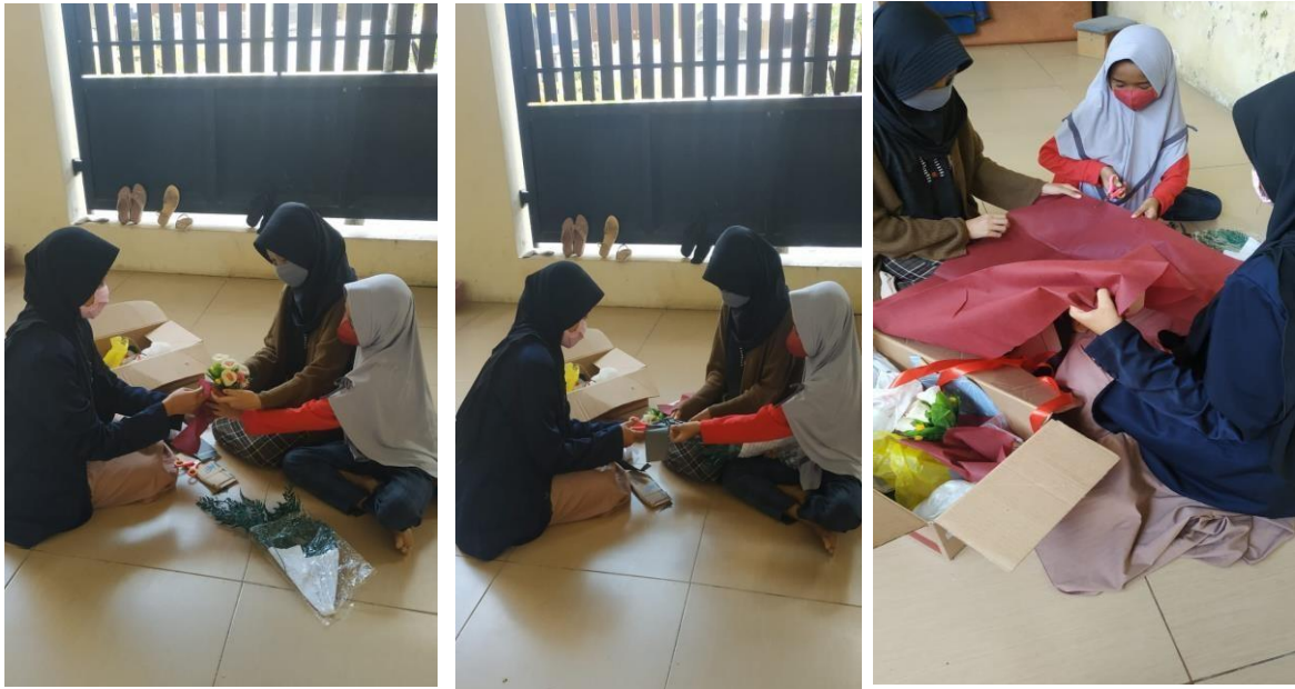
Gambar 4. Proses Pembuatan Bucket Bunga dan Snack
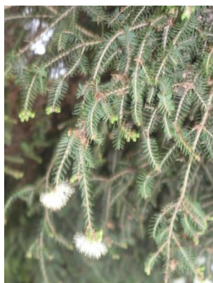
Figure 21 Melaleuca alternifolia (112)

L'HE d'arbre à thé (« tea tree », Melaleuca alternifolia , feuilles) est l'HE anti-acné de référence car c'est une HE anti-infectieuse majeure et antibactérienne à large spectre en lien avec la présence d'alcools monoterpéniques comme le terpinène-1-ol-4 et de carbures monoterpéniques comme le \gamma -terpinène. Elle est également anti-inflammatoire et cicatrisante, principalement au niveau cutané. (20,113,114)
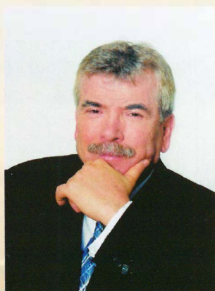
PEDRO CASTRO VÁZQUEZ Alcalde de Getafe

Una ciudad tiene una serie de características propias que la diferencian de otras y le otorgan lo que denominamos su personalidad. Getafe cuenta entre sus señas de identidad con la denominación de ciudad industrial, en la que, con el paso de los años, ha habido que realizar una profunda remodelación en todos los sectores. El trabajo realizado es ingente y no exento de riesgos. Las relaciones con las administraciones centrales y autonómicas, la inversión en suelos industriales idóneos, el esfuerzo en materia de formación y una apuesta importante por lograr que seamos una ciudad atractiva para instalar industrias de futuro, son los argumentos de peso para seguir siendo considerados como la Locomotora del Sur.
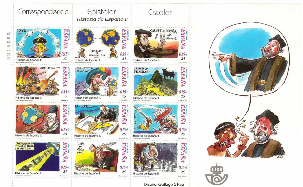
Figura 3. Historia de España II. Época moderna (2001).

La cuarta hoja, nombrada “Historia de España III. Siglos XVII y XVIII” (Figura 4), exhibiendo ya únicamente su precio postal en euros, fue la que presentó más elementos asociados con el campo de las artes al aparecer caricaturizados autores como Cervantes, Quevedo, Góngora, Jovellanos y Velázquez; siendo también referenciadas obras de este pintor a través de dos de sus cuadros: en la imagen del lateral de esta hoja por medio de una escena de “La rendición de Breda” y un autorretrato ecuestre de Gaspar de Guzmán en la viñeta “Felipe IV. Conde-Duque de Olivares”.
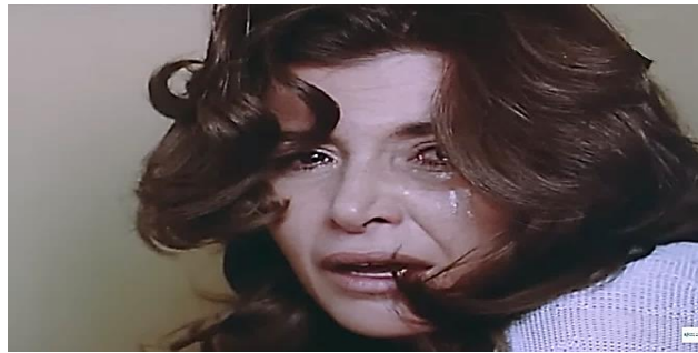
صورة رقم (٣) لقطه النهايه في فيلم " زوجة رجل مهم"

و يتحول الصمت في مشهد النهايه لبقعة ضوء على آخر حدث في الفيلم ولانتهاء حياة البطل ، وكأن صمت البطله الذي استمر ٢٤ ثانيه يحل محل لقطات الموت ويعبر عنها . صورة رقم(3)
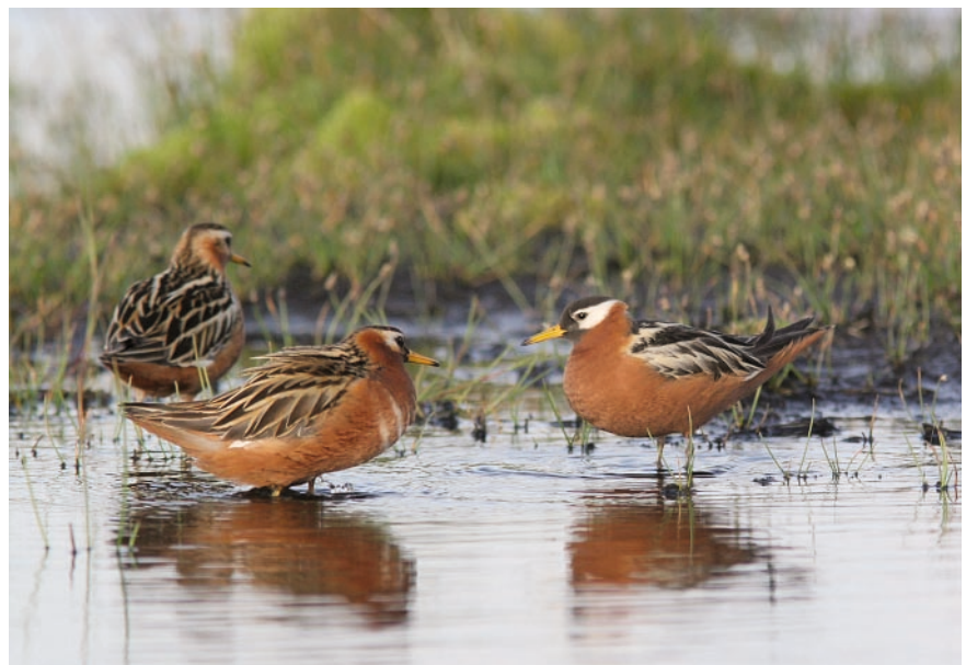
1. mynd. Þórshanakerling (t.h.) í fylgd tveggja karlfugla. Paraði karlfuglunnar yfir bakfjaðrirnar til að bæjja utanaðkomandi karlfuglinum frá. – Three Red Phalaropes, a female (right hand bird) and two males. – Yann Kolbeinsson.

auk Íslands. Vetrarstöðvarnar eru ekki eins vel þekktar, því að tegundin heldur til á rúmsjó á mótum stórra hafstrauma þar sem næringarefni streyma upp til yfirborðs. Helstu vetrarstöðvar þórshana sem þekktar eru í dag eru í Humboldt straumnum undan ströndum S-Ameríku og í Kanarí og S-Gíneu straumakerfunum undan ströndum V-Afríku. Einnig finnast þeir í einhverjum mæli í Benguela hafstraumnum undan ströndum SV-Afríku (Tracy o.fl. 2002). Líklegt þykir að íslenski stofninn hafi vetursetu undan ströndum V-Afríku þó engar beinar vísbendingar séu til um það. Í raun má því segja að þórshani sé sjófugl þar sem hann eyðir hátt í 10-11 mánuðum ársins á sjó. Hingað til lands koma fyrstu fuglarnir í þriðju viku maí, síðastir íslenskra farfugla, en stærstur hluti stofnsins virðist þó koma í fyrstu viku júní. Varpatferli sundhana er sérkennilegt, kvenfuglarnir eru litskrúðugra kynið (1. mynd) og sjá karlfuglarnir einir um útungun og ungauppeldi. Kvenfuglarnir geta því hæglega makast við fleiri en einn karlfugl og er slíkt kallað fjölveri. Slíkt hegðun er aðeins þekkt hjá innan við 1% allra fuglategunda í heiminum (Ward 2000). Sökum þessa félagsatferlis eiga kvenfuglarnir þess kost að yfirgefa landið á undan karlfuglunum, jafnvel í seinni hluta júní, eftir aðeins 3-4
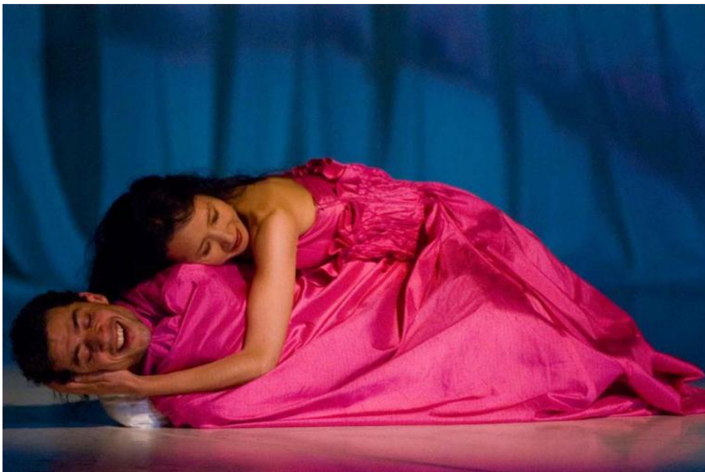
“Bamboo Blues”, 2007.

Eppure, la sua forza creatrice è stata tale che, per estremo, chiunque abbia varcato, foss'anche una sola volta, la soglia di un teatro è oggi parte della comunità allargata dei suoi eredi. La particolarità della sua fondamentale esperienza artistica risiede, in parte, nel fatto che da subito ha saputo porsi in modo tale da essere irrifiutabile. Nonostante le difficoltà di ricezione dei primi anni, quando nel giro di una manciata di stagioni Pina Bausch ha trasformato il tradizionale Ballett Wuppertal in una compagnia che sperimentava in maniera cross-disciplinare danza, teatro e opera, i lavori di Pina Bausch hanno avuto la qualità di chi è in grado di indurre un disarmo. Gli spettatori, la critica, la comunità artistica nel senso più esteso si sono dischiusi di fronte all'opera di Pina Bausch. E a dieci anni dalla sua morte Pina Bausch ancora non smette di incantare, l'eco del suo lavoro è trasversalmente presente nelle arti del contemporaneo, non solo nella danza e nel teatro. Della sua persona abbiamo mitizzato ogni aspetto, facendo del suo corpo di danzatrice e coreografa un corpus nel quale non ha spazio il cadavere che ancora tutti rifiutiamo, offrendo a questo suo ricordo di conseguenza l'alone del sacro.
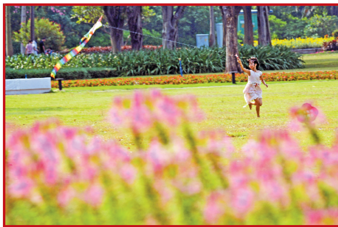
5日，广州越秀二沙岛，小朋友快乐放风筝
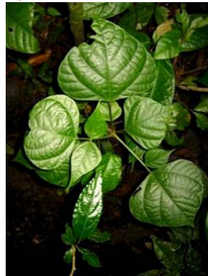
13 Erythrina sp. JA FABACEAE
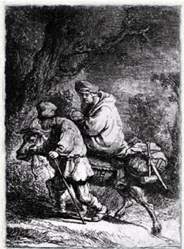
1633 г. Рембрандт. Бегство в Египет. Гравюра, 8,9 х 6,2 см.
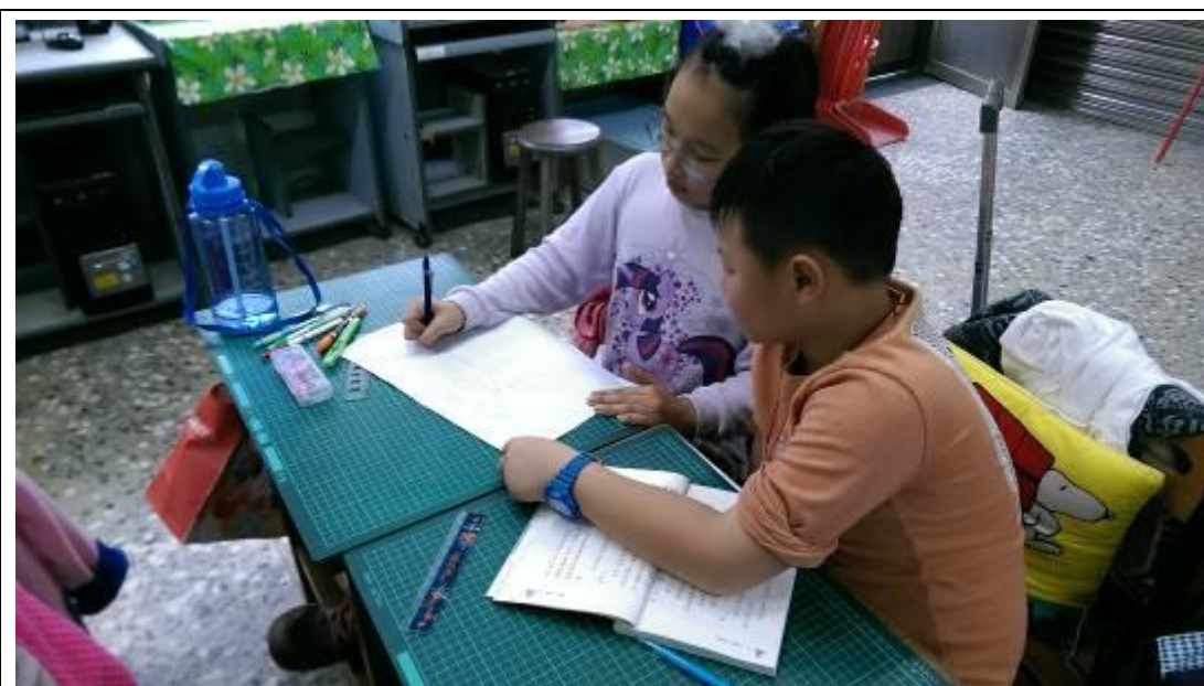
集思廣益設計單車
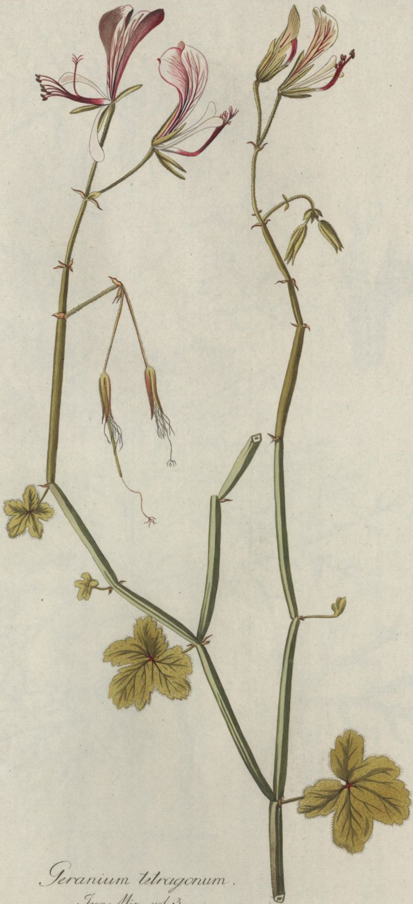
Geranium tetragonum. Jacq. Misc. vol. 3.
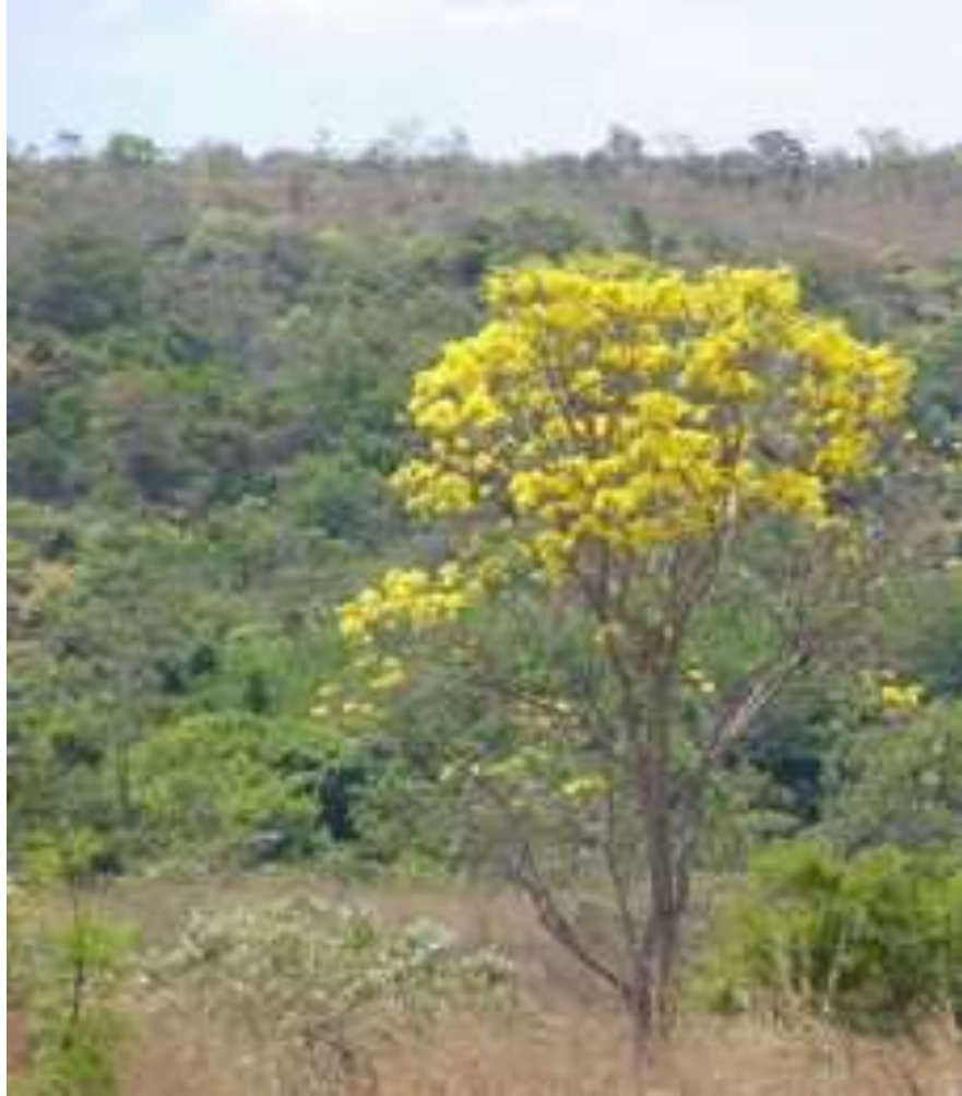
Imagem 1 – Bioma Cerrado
##############################
- [What the task asks] The lines to show are those in the data above that include "صورة".

- [Reply to the exercise]
صورة رقم (٣) لقطه النهايه في فيلم " زوجة رجل مهم"
و يتحول الصمت في مشهد النهايه لبقعة ضوء على آخر حدث في الفيلم ولانتهاء حياة البطل ، وكأن صمت البطله الذي استمر ٢٤ ثانيه يحل محل لقطات الموت ويعبر عنها . صورة رقم(3)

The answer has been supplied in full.